Stored items:
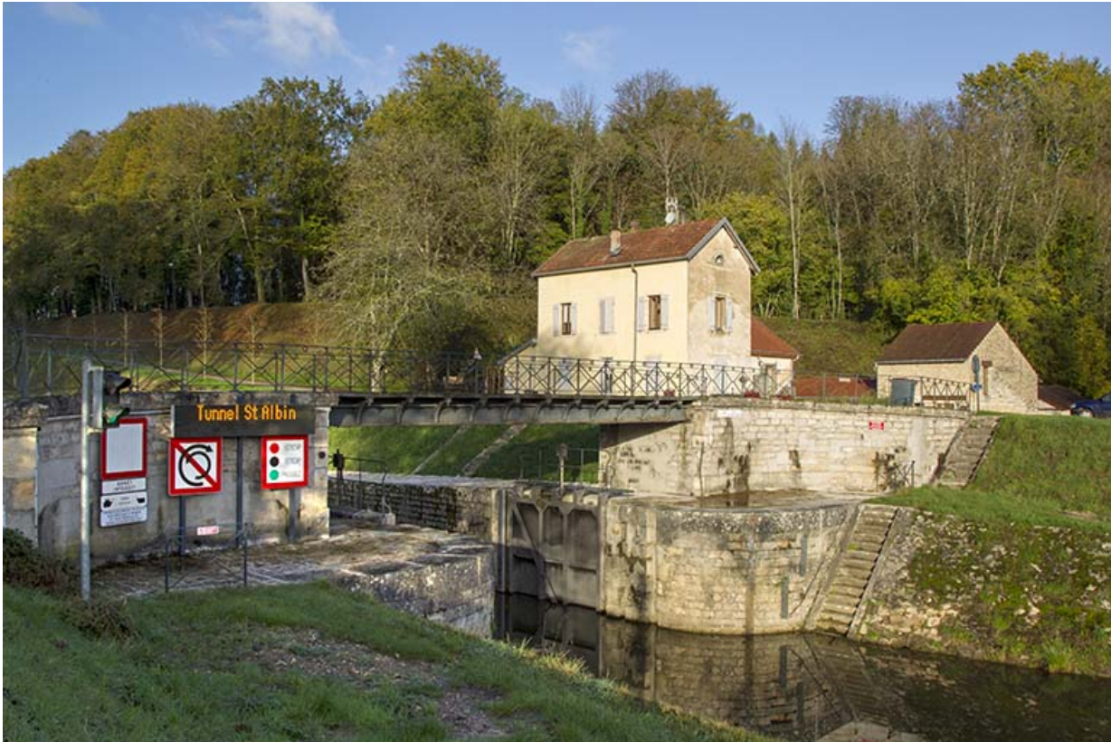
L'entrée du canal et la maison du barragiste.
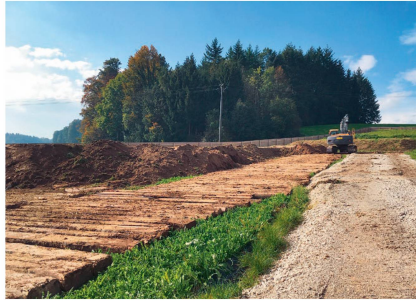
Aufbau eines Bodendepots für die spätere Wiederverwendung.
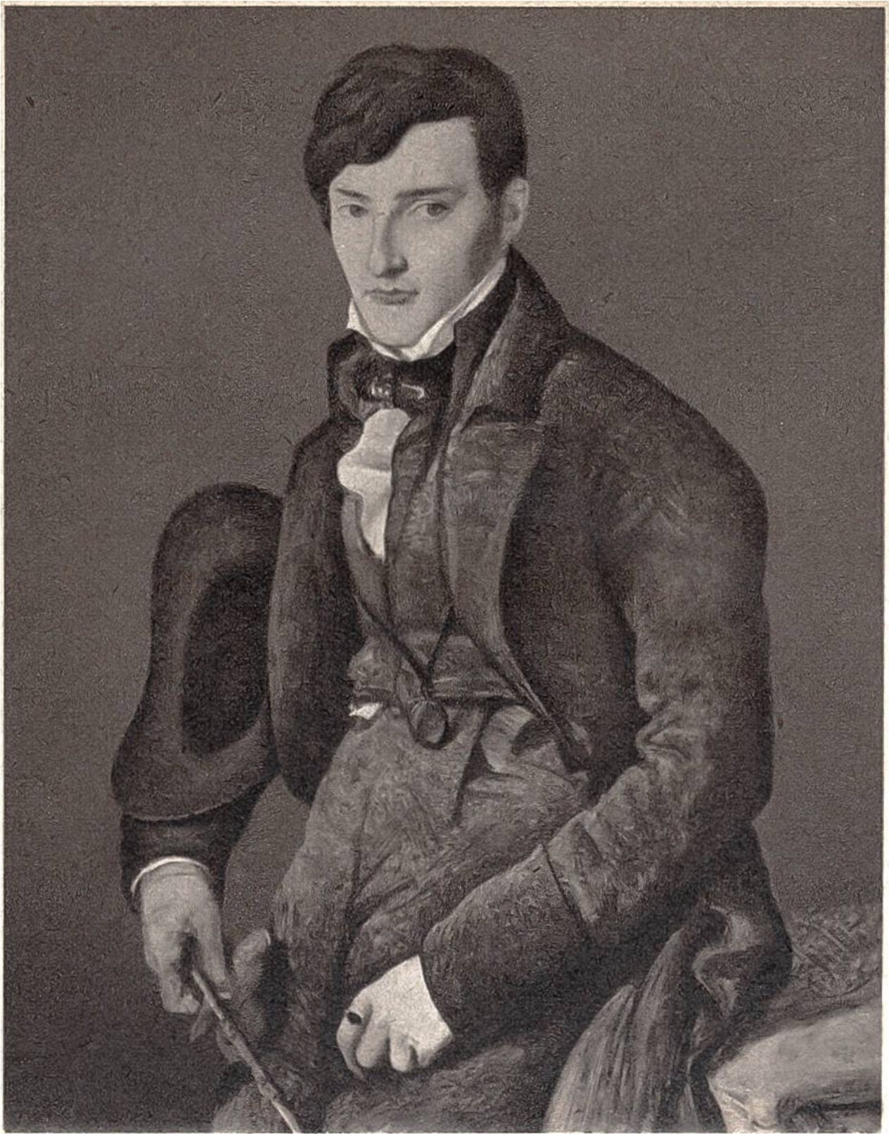
Porträt des Botanikers Gilibert, von J.-A.-D. Ingres, Paris, 1780–1867. (Museum, Montauban.)
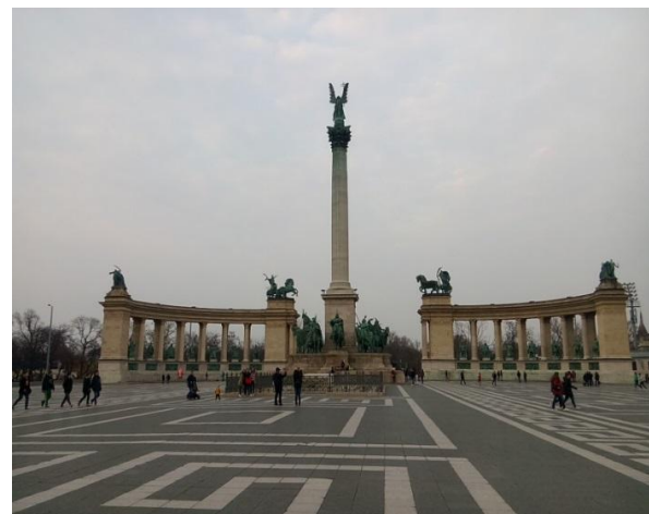
Plaza de los héroes
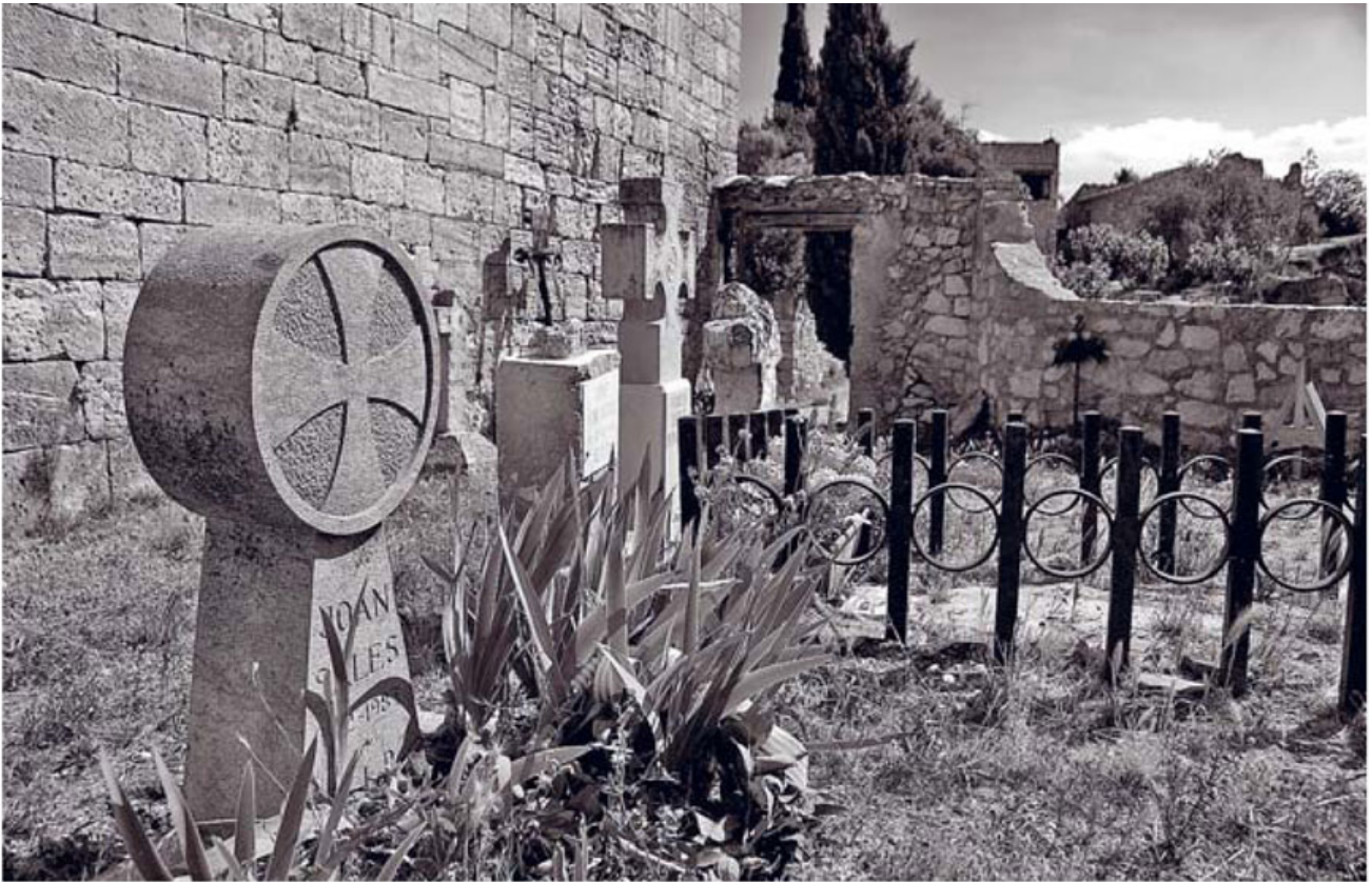
Tomba de Joan Sales a Siurana.
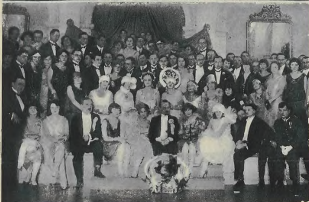
Noc sylwestrowa w sali Kasyna i Koła literackiego we Lwowie.
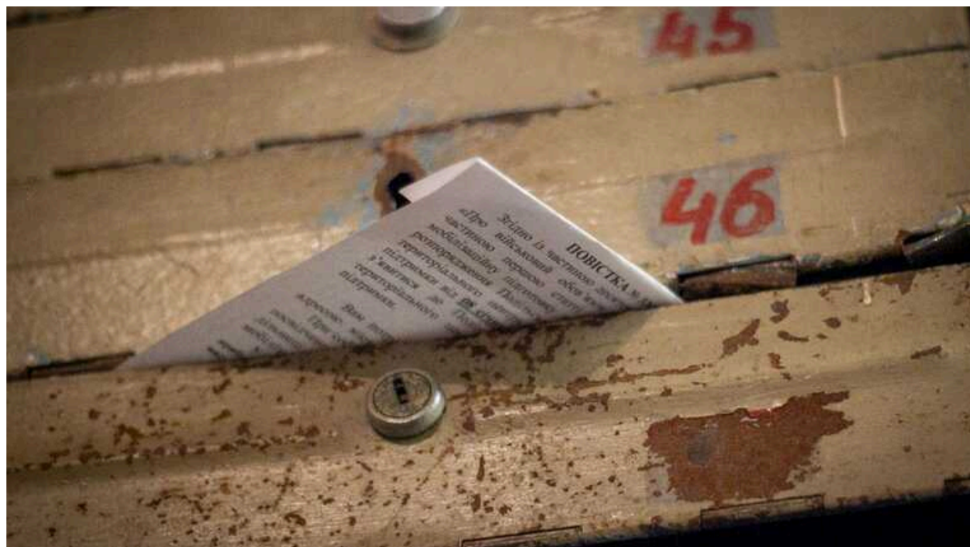
Як працюватимуть заочні штрафи для ухиянтів

Вони передбачені законопроектом 10379 про виправлення до адмінкодексу, який комітет Ради затвердив до другого читання.

__TASK DESCRIPTION__
Each line above that falls between the line with "Aufbau eines Bodendepots" and the line with "Як працюватимуть заочні штрафи для ухиянтів" should be printed exactly, together with those two lines, but the pictures should not.

__EXERCISE OUTPUT__
Aufbau eines Bodendepots für die spätere Wiederverwendung.
Porträt des Botanikers Gilibert, von J.-A.-D. Ingres, Paris, 1780–1867. (Museum, Montauban.)
Plaza de los héroes
Tomba de Joan Sales a Siurana.
Noc sylwestrowa w sali Kasyna i Koła literackiego we Lwowie.
Як працюватимуть заочні штрафи для ухиянтів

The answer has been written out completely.